Hodge also denies that “Christ suffered Hell.” This charge comes up on the internet against Protestants. Hodge specifically states that “He did not suffer the same sufferings either in kind, degree, or duration, which would have been inflicted on them, but he did suffer precisely that suffering which divine justice demanded of his person standing in their stead. His sufferings were those of a divine person with a human nature” (406).

Sin as macula is not laid on Christ. Sin as reatus is (408).

_Effectual Calling_

Regeneration: it is a conversio habitualis seu passiva, “the change of character in effecting which the soul is the object, not the subject” (449). Conversion is the opposite.

_Justification_

Standard stuff here, but Hodge does a good job contrasting the Protestant and Romish views. 

Rome: we have a first justification for Christ’s sake. We then (maybe?) have a second one through and in proportion to his merit.

We regard justification as a judicial act, they an infusion of grace. We say the merits of Christ are the ground of justification, they the merits are made ours by sanctification. We say faith is the instrument. They the beginning and root.

Reactions: Like 1 | Informative 3


----------



## Pilgrim (May 7, 2020)

Would you say that, if it isn't the best, this is nevertheless the most accessible theology book on Old School (Northern) Presbyterianism? Beyond that, I think most people would find this book to be easier to use than Dabney's Systematic Theology as well.

Doesn't his father's ST have block quotes in Latin? That wouldn't have been a big problem for educated people in that day, but it definitely is in ours. A.A. Hodge puts the cookies on the lower shelves, if not the bottom shelf. 

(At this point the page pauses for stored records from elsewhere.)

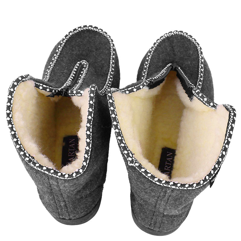 Specificații: Ghete din pâslă pentru gleznă de iarnă cu închidere cu fermoar din plastic, decorate cu broderie colorată, izolate cu blană textilă în partea interioară și talpă din cauciuc mai groasă.
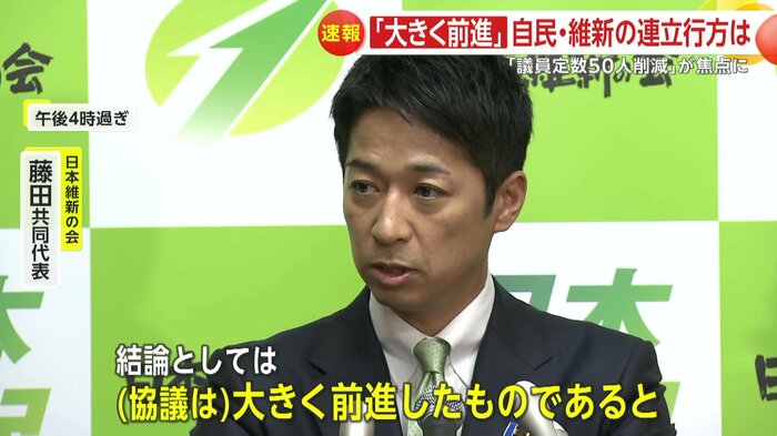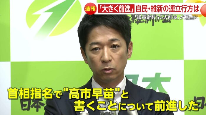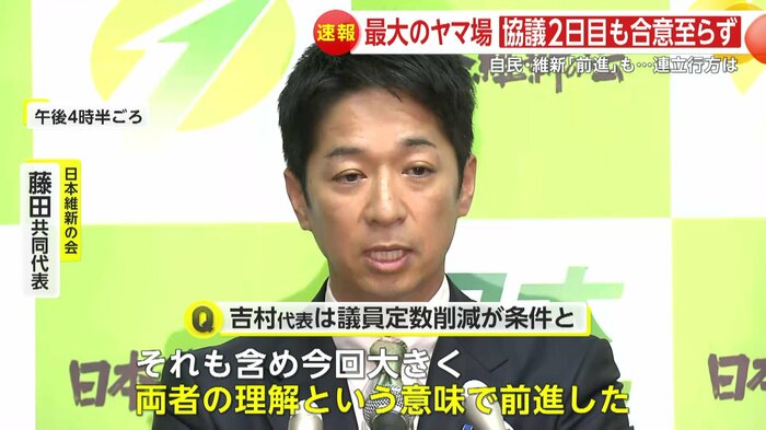 吉村代表が合意の絶対条件としている「議員定数の削減」だが、進展はあったのか。
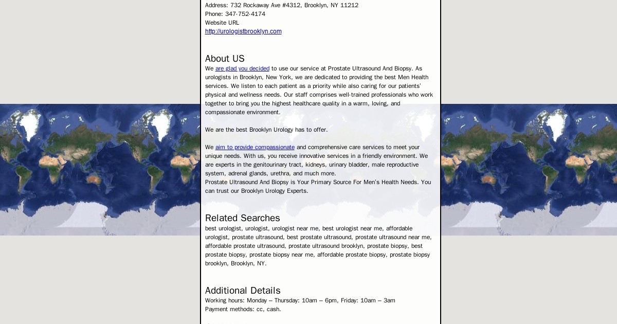 We are glad you decided to use our service at Prostate Ultrasound And Biopsy. As urologists in Brooklyn, New York, we are dedicated to providing the best Men Health services.
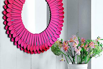 Como veis la idea es simple pero muy original. Para hacer un espejo con cucharas lo único que necesitareis son cucharillas de plásticos de un color vivo, un espejo, y pegamento. A continuación os dejamos un foto tutorial que hemos encontrado en un foro y que ilustra muy bien cómo es su construcción. ¿Os animais a hacer uno?
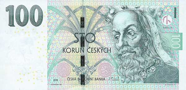 - 100 крон: Монархия и государственность. На самой ходовой банкноте — портрет короля Карла IV, императора Священной Римской империи и отца-основателя Карлова университета. На оборотной стороне — медальон с изображением государственной печати.
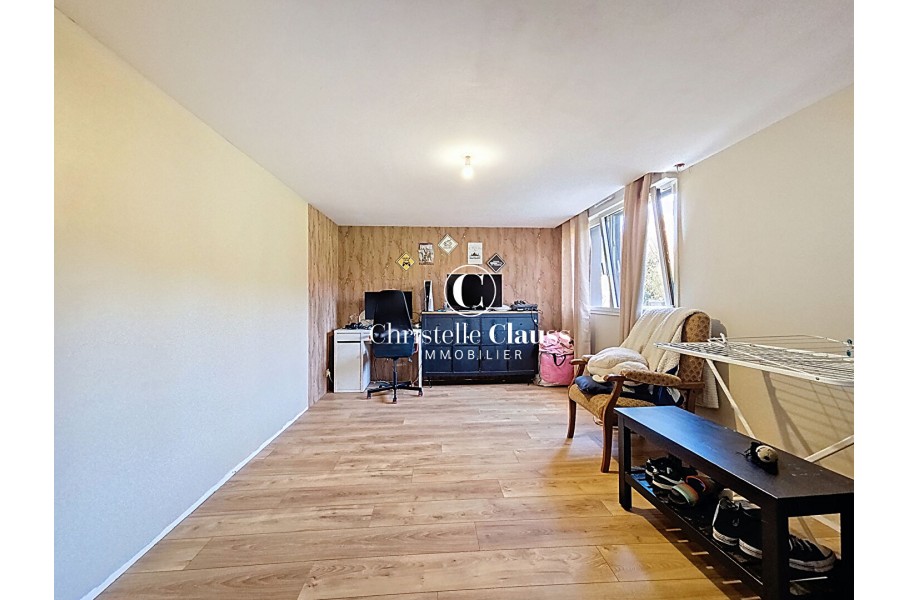 Des l'entrée, vous y trouverez de nombreux rangements, une chambre de 20m2 ainsi qu'un grand garage pouvant accueillir une voiture et de nombreuses affaires.
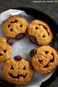 And yes, they have jack-o-lantern faces carved in. Though the filling doesn’t exactly look like pumpkin. More like apple.
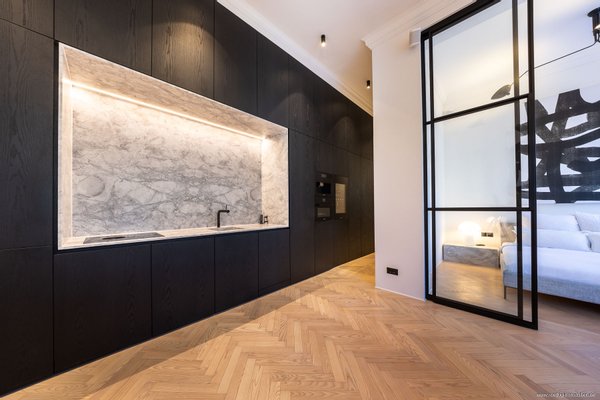 Auch im Alltag überzeugt die Küche mit Ihren durchdachten Details: Ein Gefrierschrank mit Ice-Maker, ein Waschtrockner mit Waschmitteldosierung, ein integrierter Wäschesortierer sowie eine elegante Staubsaugerstation mit eigener Steckdose sind perfekt und dezent integriert. Die großzügige Arbeitsfläche aus edlem Marmor – abgestimmt auf die anderen Räumlichkeiten der Wohnung – beherbergt flächenbündig eingelassene Steckdosen sowie eine geschickt integrierte Beleuchtung.

I haven't spent a great deal of time with Shedd. His "side projects" are interesting and are one of the main reasons to get the book, probably. But even with it being so large, he seems to neglect some of the basics, or treats them in an unconventional way. If memory serves, Shedd doesn't really have a section on ecclesiology.


----------



## RamistThomist (May 7, 2020)

Pilgrim said:


> Would you say that, if it isn't the best, this is nevertheless the most accessible theology book on Old School (Northern) Presbyterianism? Beyond that, I think most people would find this book to be easier to use than Dabney's Systematic Theology as well.
> 
> Doesn't his father's ST have block quotes in Latin? That wouldn't have been a big problem for educated people in that day, but it definitely is in ours. A.A. Hodge puts the cookies on the lower shelves, if not the bottom shelf.
> 
> I haven't spent a great deal of time with Shedd. His "side projects" are interesting and are one of the main reasons to get the book, probably. But even with it being so large, he seems to neglect some of the basics, or treats them in an unconventional way. If memory serves, Shedd doesn't really have a section on ecclesiology.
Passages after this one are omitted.